■ **Required work**: Copy the lines below exactly. No picture goes into the copy.

■ **Dataset excerpt**:
########################################

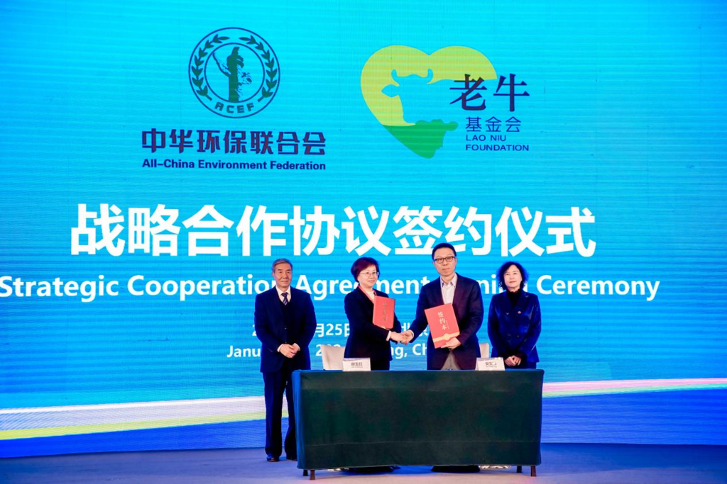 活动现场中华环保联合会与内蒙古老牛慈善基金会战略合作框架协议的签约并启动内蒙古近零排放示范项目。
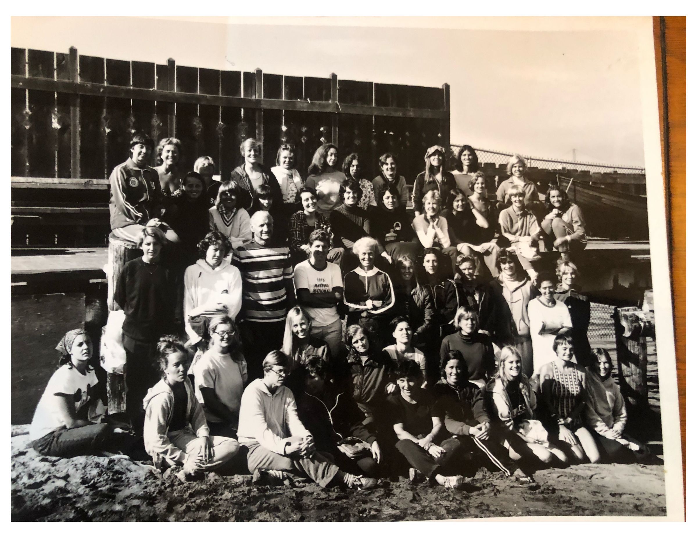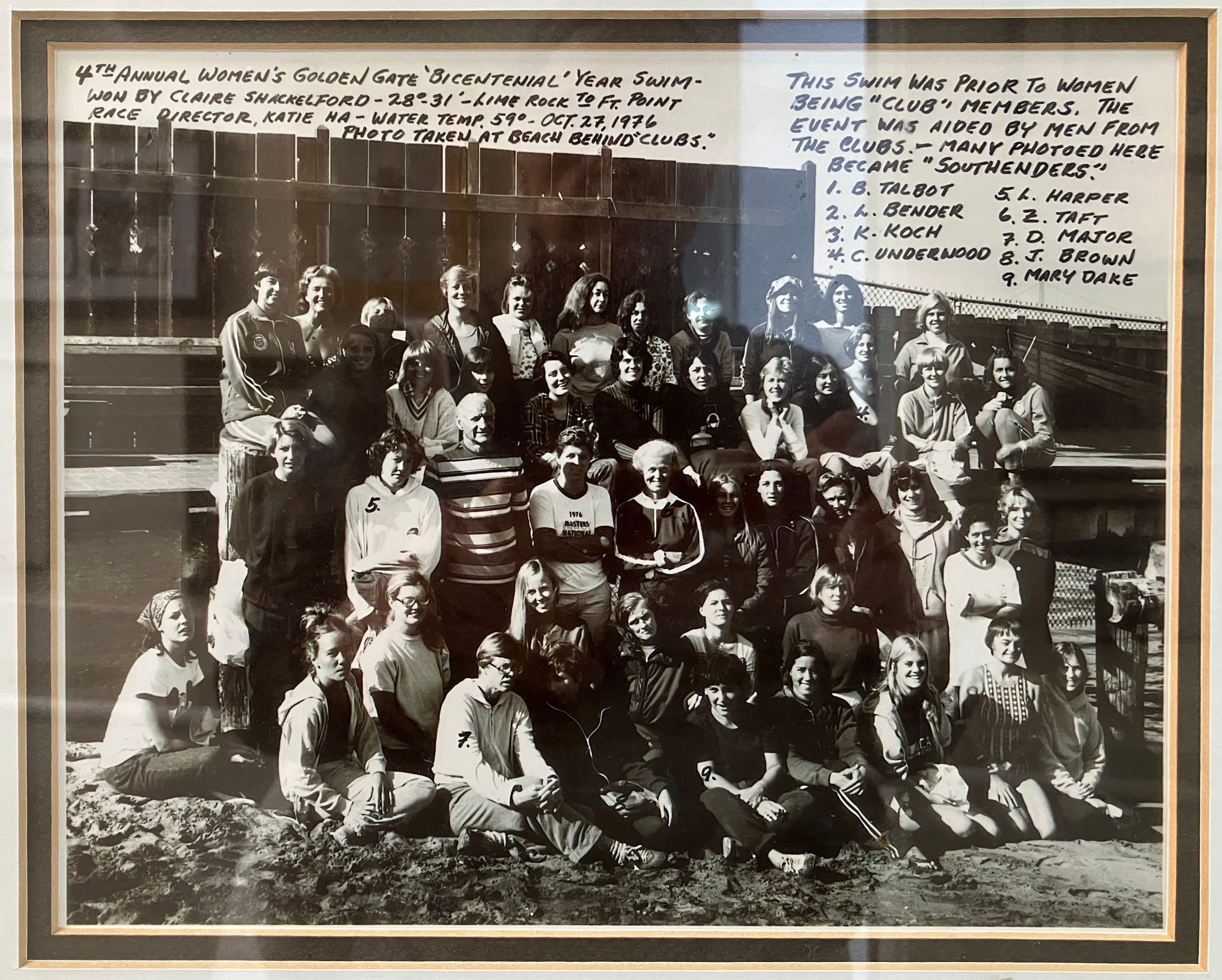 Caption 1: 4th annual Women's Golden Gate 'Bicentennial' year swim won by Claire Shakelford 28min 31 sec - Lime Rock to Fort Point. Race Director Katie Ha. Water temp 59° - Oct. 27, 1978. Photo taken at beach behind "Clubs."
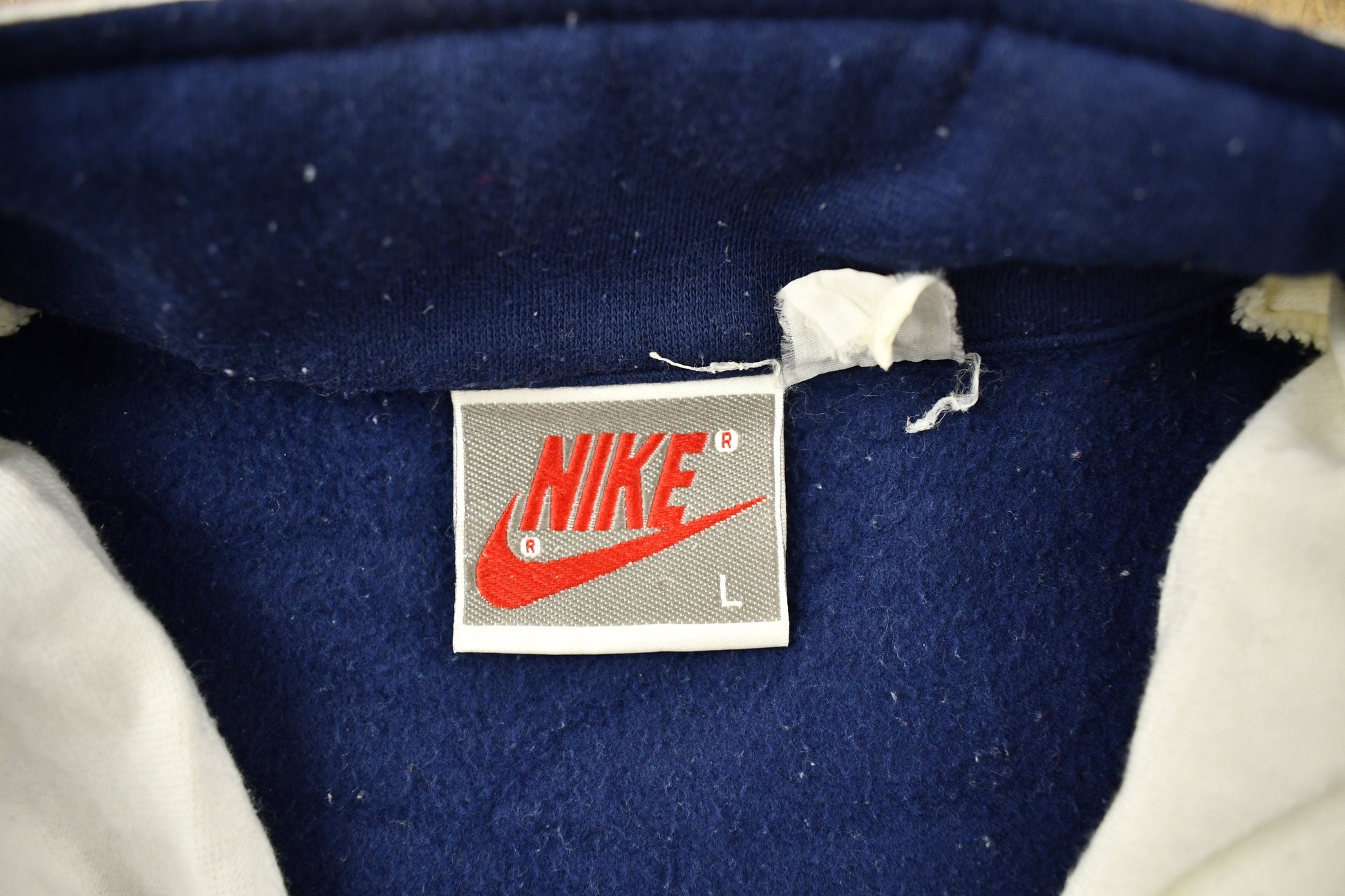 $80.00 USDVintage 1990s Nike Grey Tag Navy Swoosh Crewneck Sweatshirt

########################################

■ **Final answer**:
 活动现场中华环保联合会与内蒙古老牛慈善基金会战略合作框架协议的签约并启动内蒙古近零排放示范项目。
 Caption 1: 4th annual Women's Golden Gate 'Bicentennial' year swim won by Claire Shakelford 28min 31 sec - Lime Rock to Fort Point. Race Director Katie Ha. Water temp 59° - Oct. 27, 1978. Photo taken at beach behind "Clubs."
 $80.00 USDVintage 1990s Nike Grey Tag Navy Swoosh Crewneck Sweatshirt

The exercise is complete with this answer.